RECORDS SHOWN START

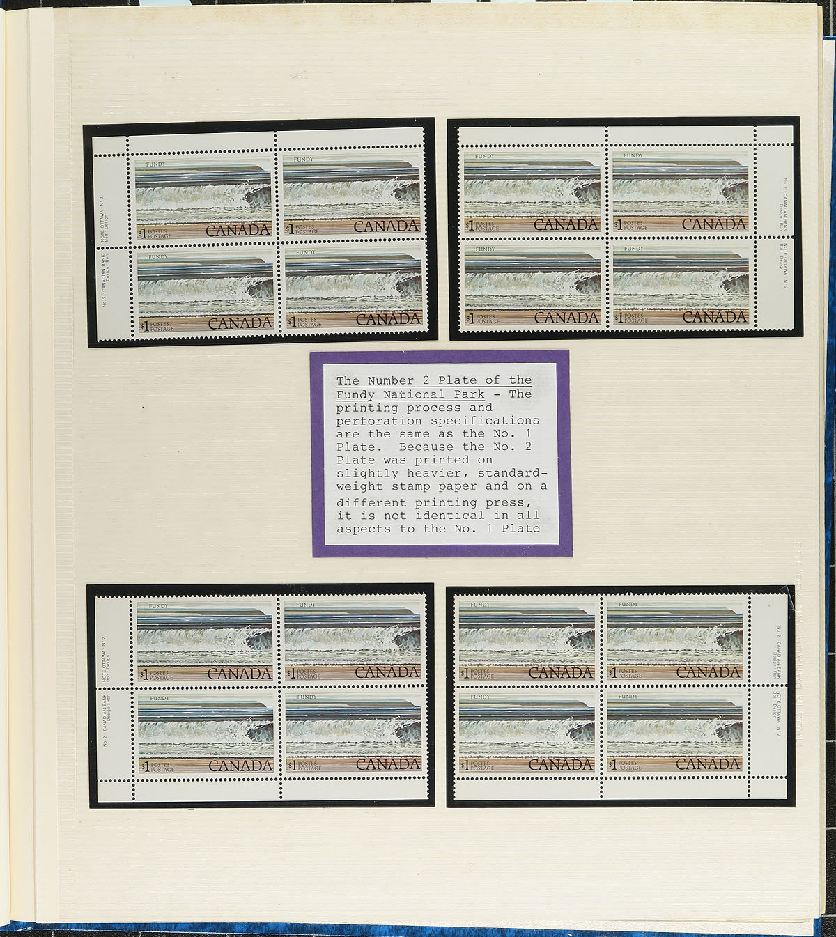 Collection of mint never hinged Canada from 1981, covering Unitrade #s 878-908, in a photo album, with all the material protected in hingeless mounts. The lot includes matched set of plate blocks for all the issues, along with first day covers, and Canada Post announcements. Face value for the lot totals $134.00 alone. A nice lot for collectors and postage users. Estimate =
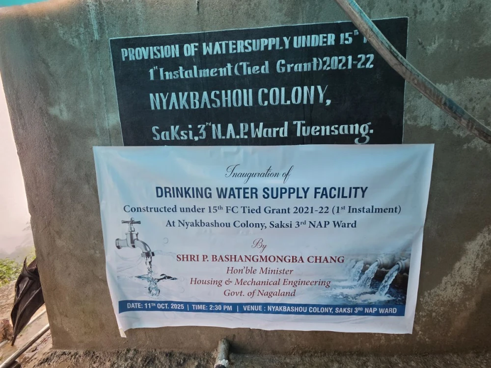 A newly constructed drinking water supply facility at Nyakbashou Colony under Saksi 3rdNAP Ward, Tuensang, was inaugurated on Saturday by P. Bashangmongba Chang, Minister for Housing and Mechanical Engineering, Government of Nagaland. The project was implemented under the 15th Finance Commission (FC) Tied Grant for the financial year 2021–22 (1stinstalment).
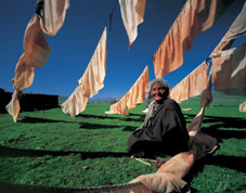 Before visiting Shiqu, home of the Sun Tribe, my knowledge of the place was pretty much limited. I knew it was the highest, largest, and most remote county in Sichuan Province, and the home of Zhaxika Grassland, the largest grassland in the Kangba Tibetan area. I knew "Zhaxika" was the Tibetan name of Shiqu, and that it meant "the riverside of Yalong." Located at the juncture of Sichuan and Qinghai Provinces and the Tibet Autonomous Region in the southeastern part of the Qinghai-Tibet Plateau, it rises 4,000 meters above sea level and occupies an area of 25,141 square kilometers, 90 percent of which are covered by grass. It is 1,070 kilometers from Chengdu, the capital of Sichuan Province.
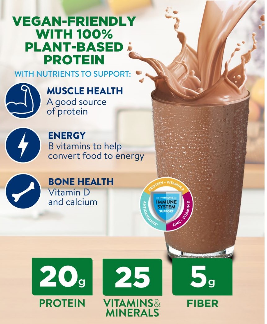 Ensure plant-based vegan protein chocolate nutrition shake có hương vị Socola thơm ngon và mang lại những lợi ích chính về dinh dưỡng đầy đủ và cân bằng cho sức khỏe hàng ngày. Sản phẩm tự hào có 5 gam chất xơ 25 loại vitamin và khoáng chất, và chỉ có 180 calo.
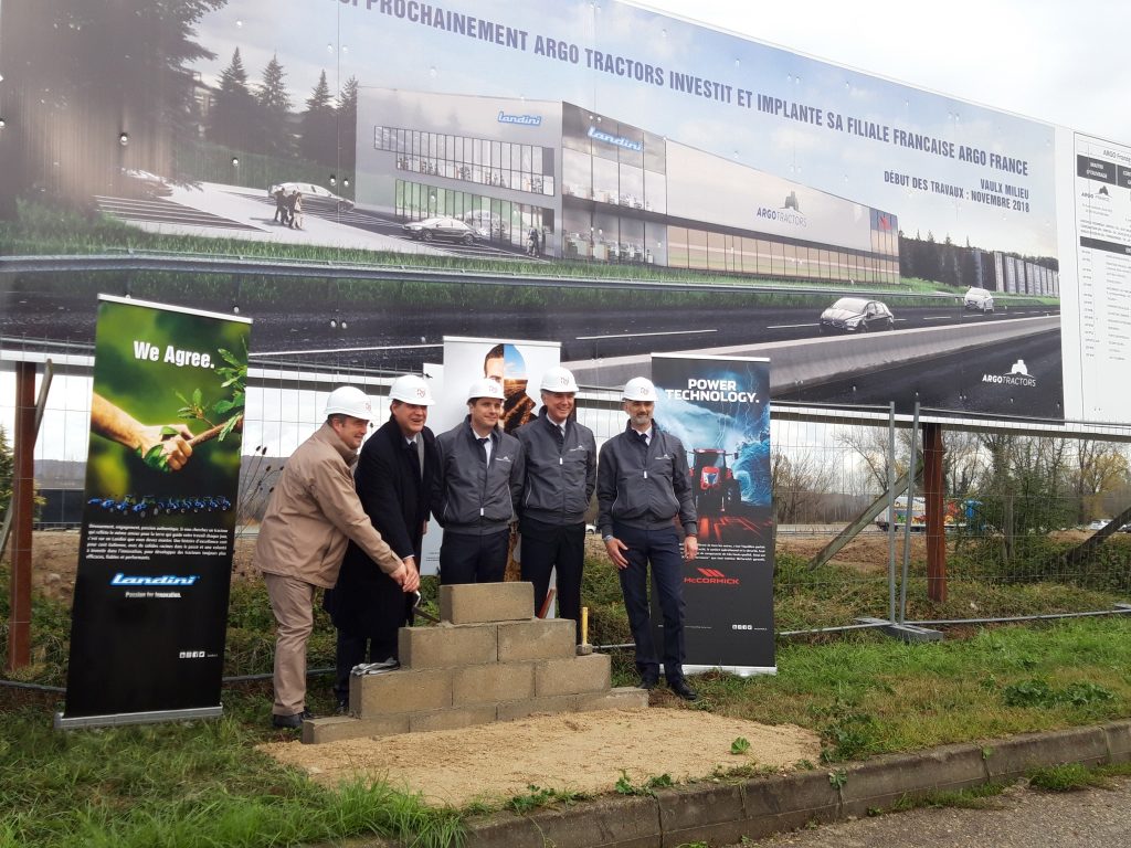 Construction got underway when the first corner stones were laid for the new Argo France base at Vaulx-Milieu to support the distribution of Argo’s Landini and McCormick tractors in the country.
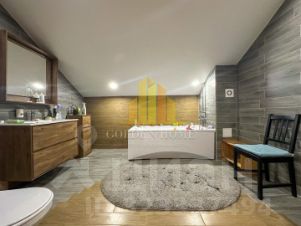 На втором этаже расположены: мастер спальня (20 кв.м) с собственной гардеробной зоной (8,5 кв.м). Гостевая комната и детская комната. Большая ванная 10,2 кв.м.

RECORDS SHOWN END

• [EXERCISE DESCRIPTION]: What you return must match the records letter for letter, except that the pictures stay out.

• [ANSWER TO THIS EXERCISE]:
 Collection of mint never hinged Canada from 1981, covering Unitrade #s 878-908, in a photo album, with all the material protected in hingeless mounts. The lot includes matched set of plate blocks for all the issues, along with first day covers, and Canada Post announcements. Face value for the lot totals $134.00 alone. A nice lot for collectors and postage users. Estimate =
 A newly constructed drinking water supply facility at Nyakbashou Colony under Saksi 3rdNAP Ward, Tuensang, was inaugurated on Saturday by P. Bashangmongba Chang, Minister for Housing and Mechanical Engineering, Government of Nagaland. The project was implemented under the 15th Finance Commission (FC) Tied Grant for the financial year 2021–22 (1stinstalment).
 Before visiting Shiqu, home of the Sun Tribe, my knowledge of the place was pretty much limited. I knew it was the highest, largest, and most remote county in Sichuan Province, and the home of Zhaxika Grassland, the largest grassland in the Kangba Tibetan area. I knew "Zhaxika" was the Tibetan name of Shiqu, and that it meant "the riverside of Yalong." Located at the juncture of Sichuan and Qinghai Provinces and the Tibet Autonomous Region in the southeastern part of the Qinghai-Tibet Plateau, it rises 4,000 meters above sea level and occupies an area of 25,141 square kilometers, 90 percent of which are covered by grass. It is 1,070 kilometers from Chengdu, the capital of Sichuan Province.
 Ensure plant-based vegan protein chocolate nutrition shake có hương vị Socola thơm ngon và mang lại những lợi ích chính về dinh dưỡng đầy đủ và cân bằng cho sức khỏe hàng ngày. Sản phẩm tự hào có 5 gam chất xơ 25 loại vitamin và khoáng chất, và chỉ có 180 calo.
 Construction got underway when the first corner stones were laid for the new Argo France base at Vaulx-Milieu to support the distribution of Argo’s Landini and McCormick tractors in the country.
 На втором этаже расположены: мастер спальня (20 кв.м) с собственной гардеробной зоной (8,5 кв.м). Гостевая комната и детская комната. Большая ванная 10,2 кв.м.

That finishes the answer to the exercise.